A new model rule that would limit the free speech of attorneys is falling flat. And for good reason: it’s unconstitutional.
At its 2016 Annual Convention, the American Bar Association (ABA) voted to add a new provision to its Model Rules of Professional Conduct which would subject lawyers to professional discipline should they engage in any speech or conduct that is harassing or discriminatory.
Despite the concerted efforts of the ABA to convince states to adopt the new model rule, no state has done so. And now, one state – South Carolina – has expressly rejected the rule.
The South Carolina Supreme Court announced last week that it is refusing to impose the rule on South Carolina’s attorneys.

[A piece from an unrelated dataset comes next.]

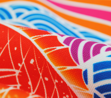 昇華転写捺染という方法で染めます!デジタル染色と呼ばれる昇華転写捺染は、転写紙にインクジェットプリントした柄を生地に転写させる方法なので、どのようなデザインも製作可能。大漁柄など賑やかでおめでたいデザインを染めることの多い額縁入り旗にはピッタリの製法です。その上、帆布との相性も良く、発色も抜群で長持ち!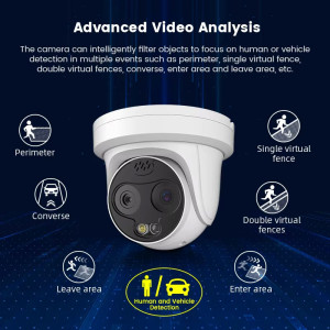 Assicura una sorveglianza ottimale con la telecamera a doppio obiettivo: termico + ottico, progettata per un rilevamento preciso e affidabile di persone e veicoli, sia di giorno che in completa oscurità.

This comes on the heels of the South Carolina Attorney General concluding that “the Rule severely infringes upon Free Speech.”
The Texas Attorney General came to essentially the same conclusion several months earlier, finding that the new rule “would unconstitutionally restrict freedom of speech, free exercise of religion, and freedom of association for members of the State Bar” and was overbroad and vague.

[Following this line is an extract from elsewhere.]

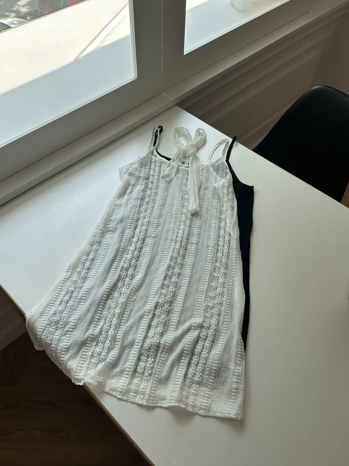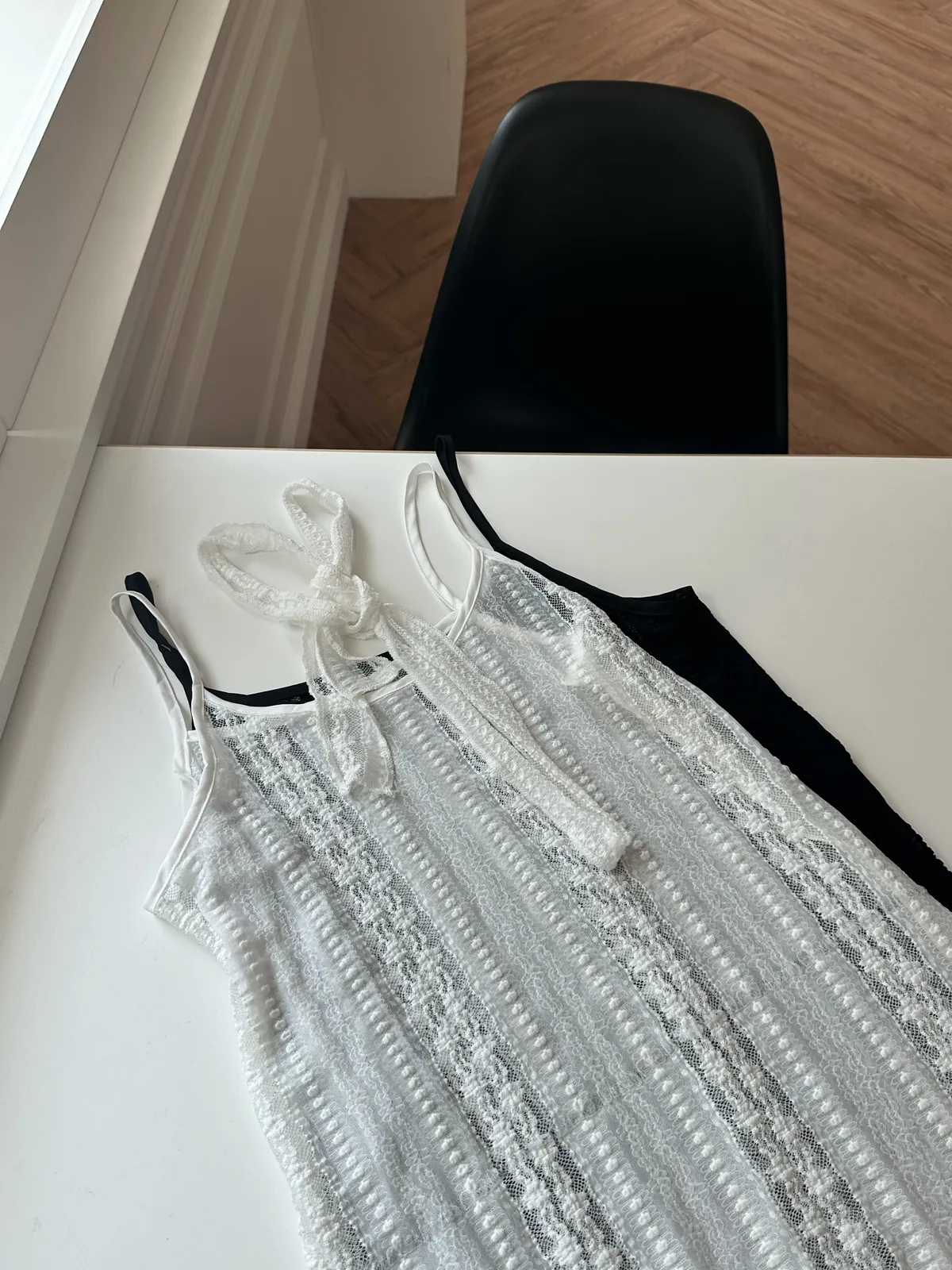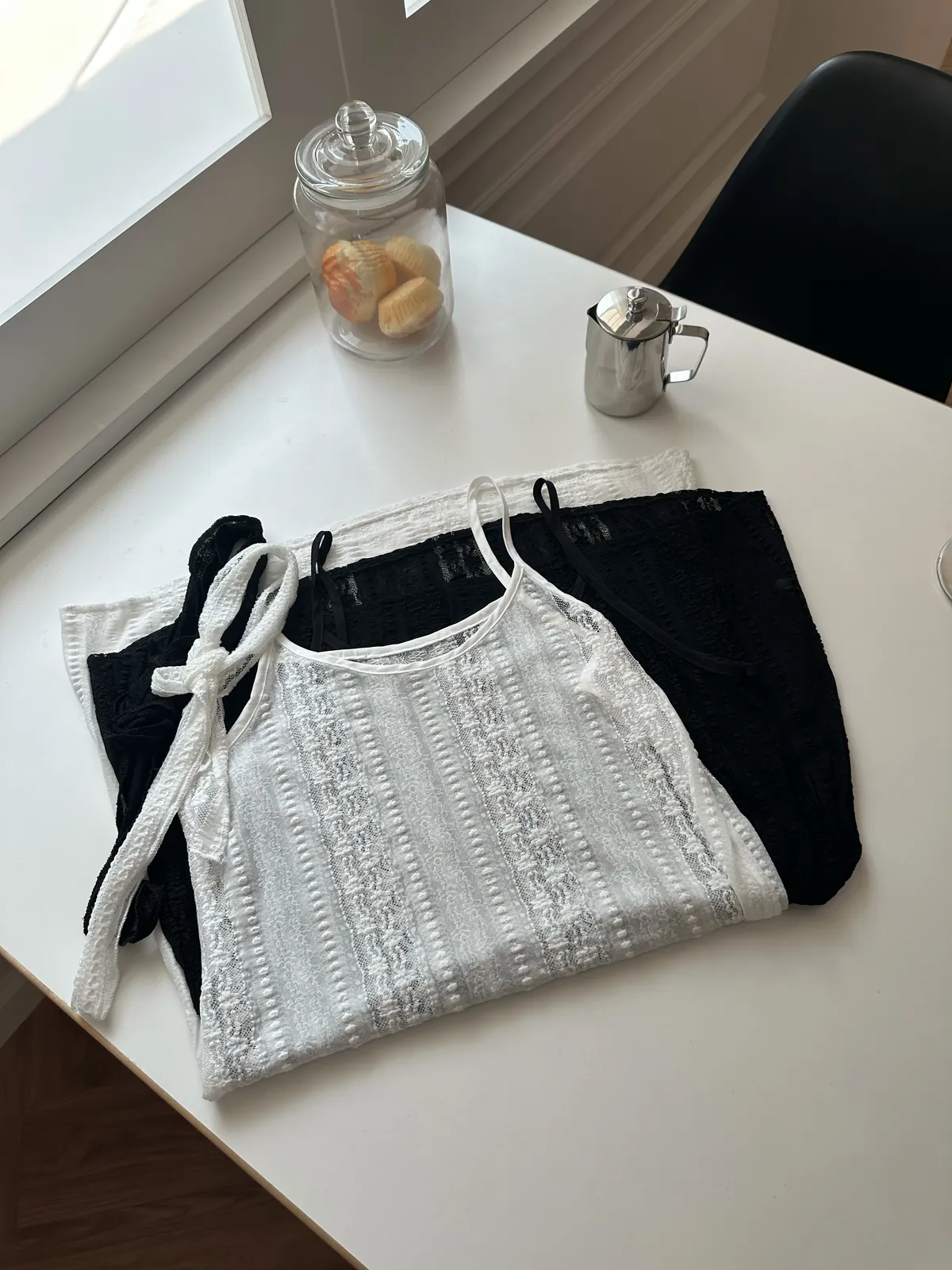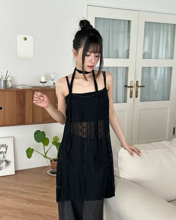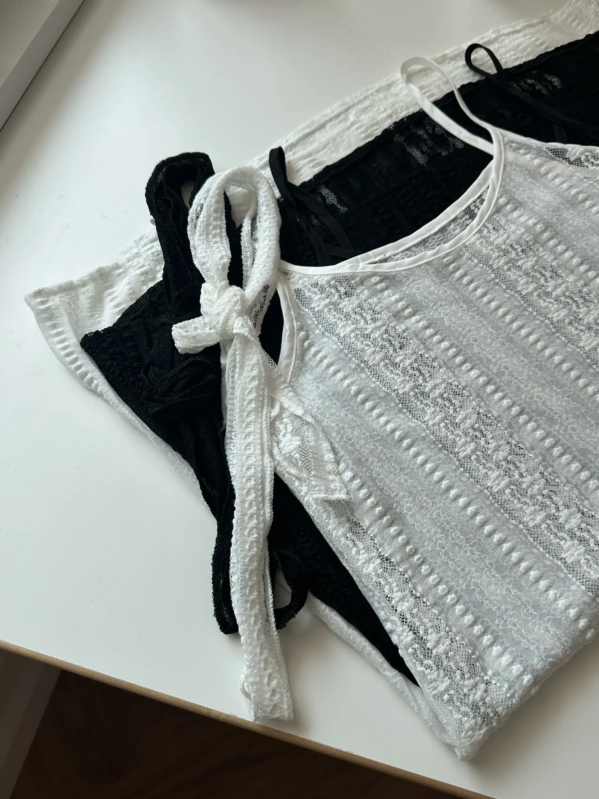 Model Size - F / 158cm, 42kg.- Lace texture- Soft sheer lines- Ribbon tie strap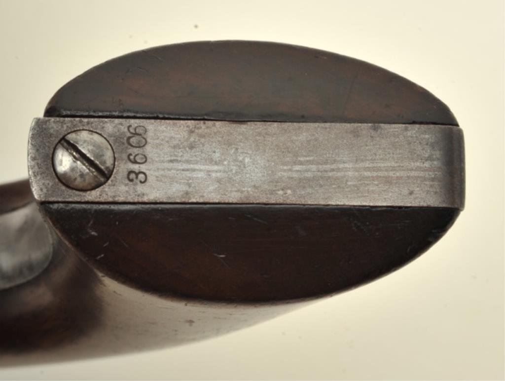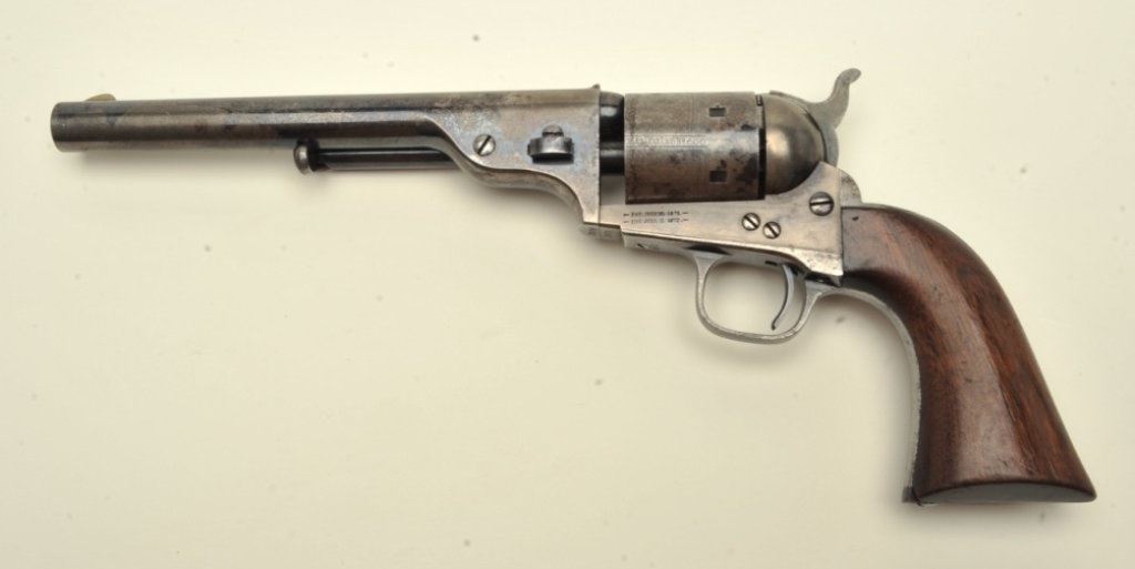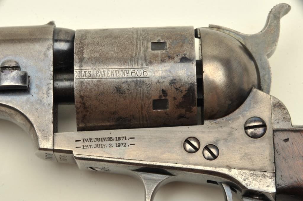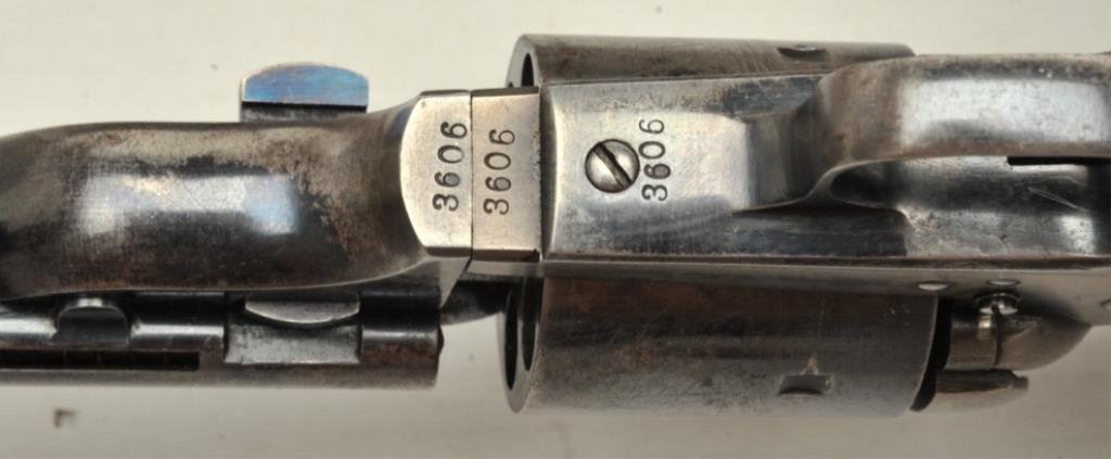 caliber, 7.5” barrel, desirable blued and case hardened finish, wood grips, S/N 3606, in overall near fine condition with considerable original blue finish remaining on barrel, ejector housing and straps; also ample original case colors on the frame; crisp action, sharp markings and fine bore; grips are very good to fine. The cylinder scene is sharp. A key Model in the Colt line of revolvers and a truly scarce example in great shape given only 7,000 of this Model were produced between 1872 and 1873. (Antique). Est.: $9,000-$18,000.

Many commentators point out that the new model rule creates an unconstitutional speech code for lawyers. Others note that the new rule also:
- regulates attorney speech and conduct beyond the legitimate interests of the bar;
- conflicts with other professional rules; and
- could hurt clients by saddling them with attorneys who cannot zealously represent them.

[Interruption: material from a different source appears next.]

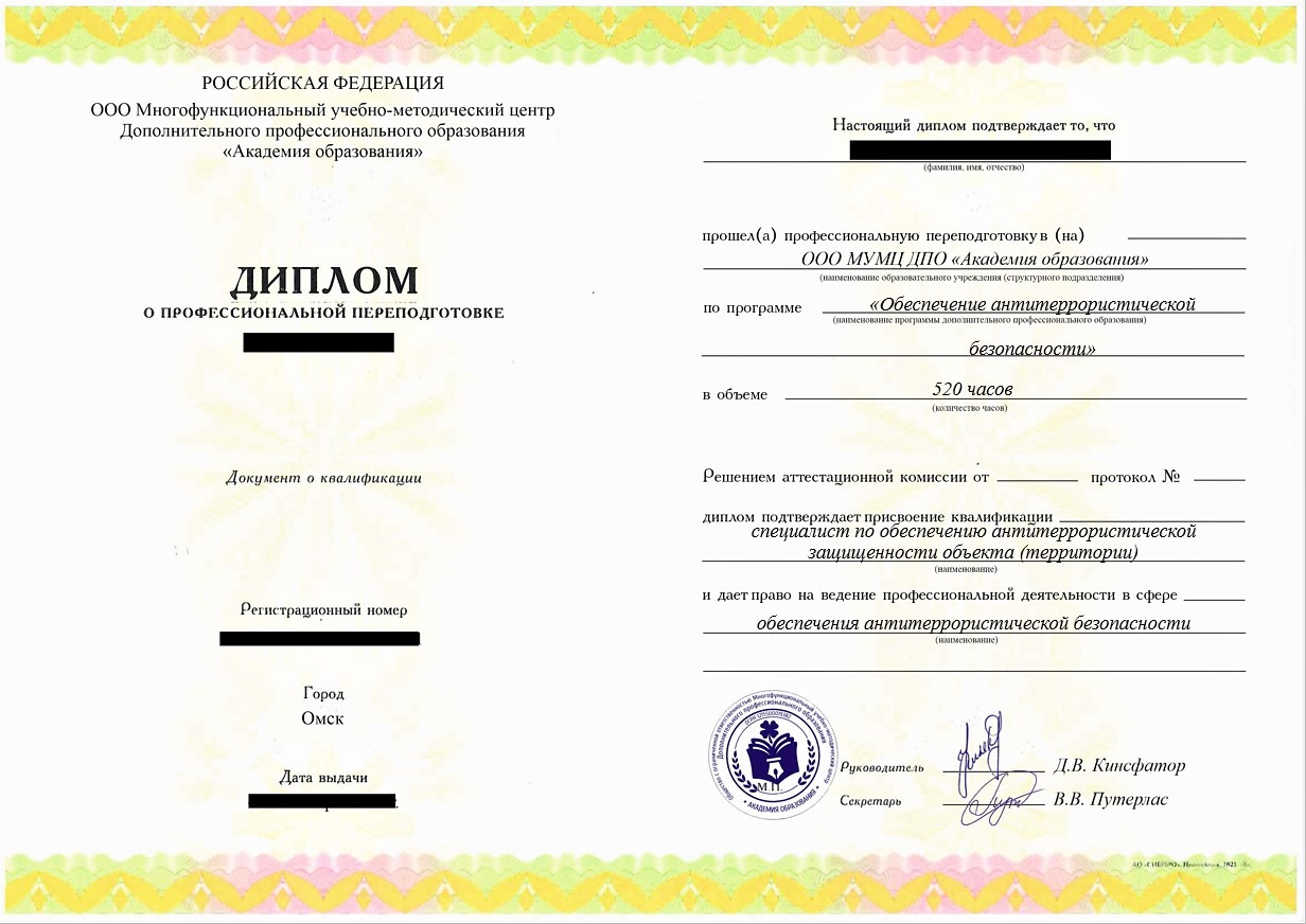 • «Специалист по обеспечению антитеррористической защищенности объекта (территории)» с правом ведения профессиональной деятельности в сфере обеспечения антитеррористической безопасности

On top of that, neither the ABA nor any others advocating in favor of the new rule can provide a legally coherent defense of the rule. When pressed, they resort to the “trust us” defense – claiming not that the rule is constitutional, but that attorneys can trust the state not to apply the rule in an unconstitutional manner.
No lawyer worth their salt would buy that. Fortunately for South Carolina’s attorneys, their Supreme Court didn’t buy it either.